[[ Dataset extract open ]]

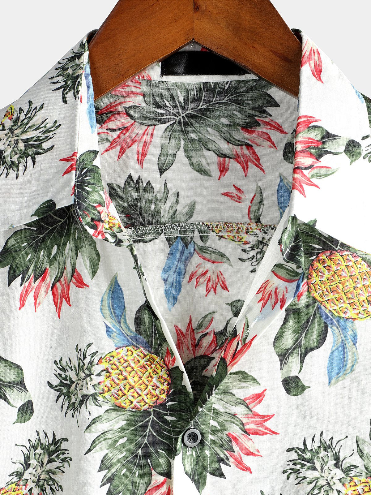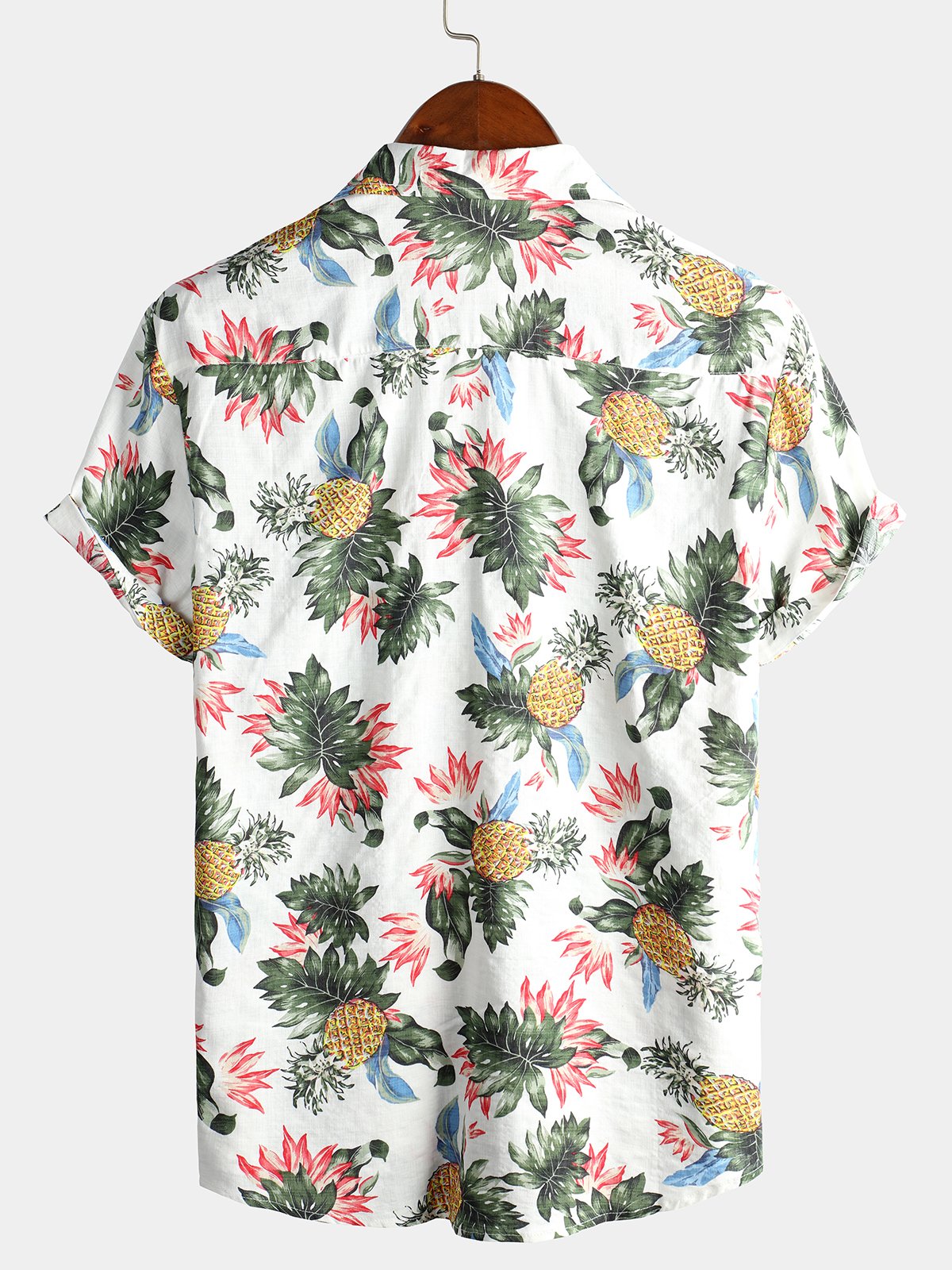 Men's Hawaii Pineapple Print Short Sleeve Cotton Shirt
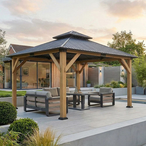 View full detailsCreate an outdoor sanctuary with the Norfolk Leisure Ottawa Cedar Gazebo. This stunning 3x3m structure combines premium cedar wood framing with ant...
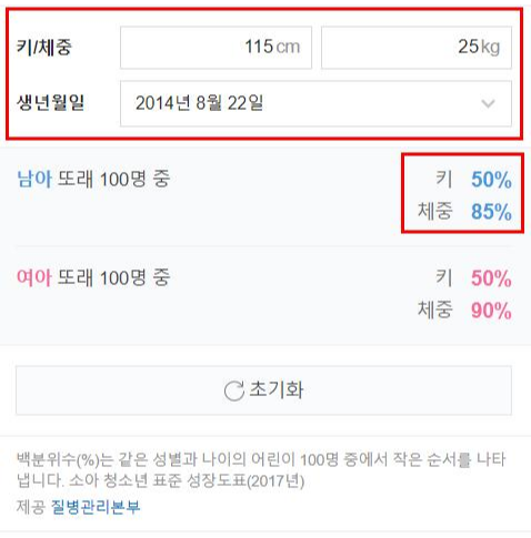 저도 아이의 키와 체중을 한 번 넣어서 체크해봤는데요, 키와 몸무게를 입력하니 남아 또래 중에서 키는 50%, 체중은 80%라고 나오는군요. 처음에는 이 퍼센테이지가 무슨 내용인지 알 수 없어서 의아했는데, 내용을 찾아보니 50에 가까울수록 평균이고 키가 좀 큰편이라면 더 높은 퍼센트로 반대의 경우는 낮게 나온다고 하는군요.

[[ Dataset extract closed ]]
[[ Dataset extract open ]]

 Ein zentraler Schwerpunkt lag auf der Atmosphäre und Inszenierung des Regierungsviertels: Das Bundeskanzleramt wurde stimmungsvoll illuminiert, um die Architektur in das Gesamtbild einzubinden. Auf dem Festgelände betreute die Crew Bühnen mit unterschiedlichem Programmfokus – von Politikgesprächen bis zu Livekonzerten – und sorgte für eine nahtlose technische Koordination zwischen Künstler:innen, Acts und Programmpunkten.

[[ Dataset extract closed ]]

» **Required action**: Exactly the lines above from the one that contains "View full detailsCreate" down to the one that contains "저도 아이의 키와 체중을" are to be output, both ends kept and pictures omitted.

» **Result of this task**:
 View full detailsCreate an outdoor sanctuary with the Norfolk Leisure Ottawa Cedar Gazebo. This stunning 3x3m structure combines premium cedar wood framing with ant...
 저도 아이의 키와 체중을 한 번 넣어서 체크해봤는데요, 키와 몸무게를 입력하니 남아 또래 중에서 키는 50%, 체중은 80%라고 나오는군요. 처음에는 이 퍼센테이지가 무슨 내용인지 알 수 없어서 의아했는데, 내용을 찾아보니 50에 가까울수록 평균이고 키가 좀 큰편이라면 더 높은 퍼센트로 반대의 경우는 낮게 나온다고 하는군요.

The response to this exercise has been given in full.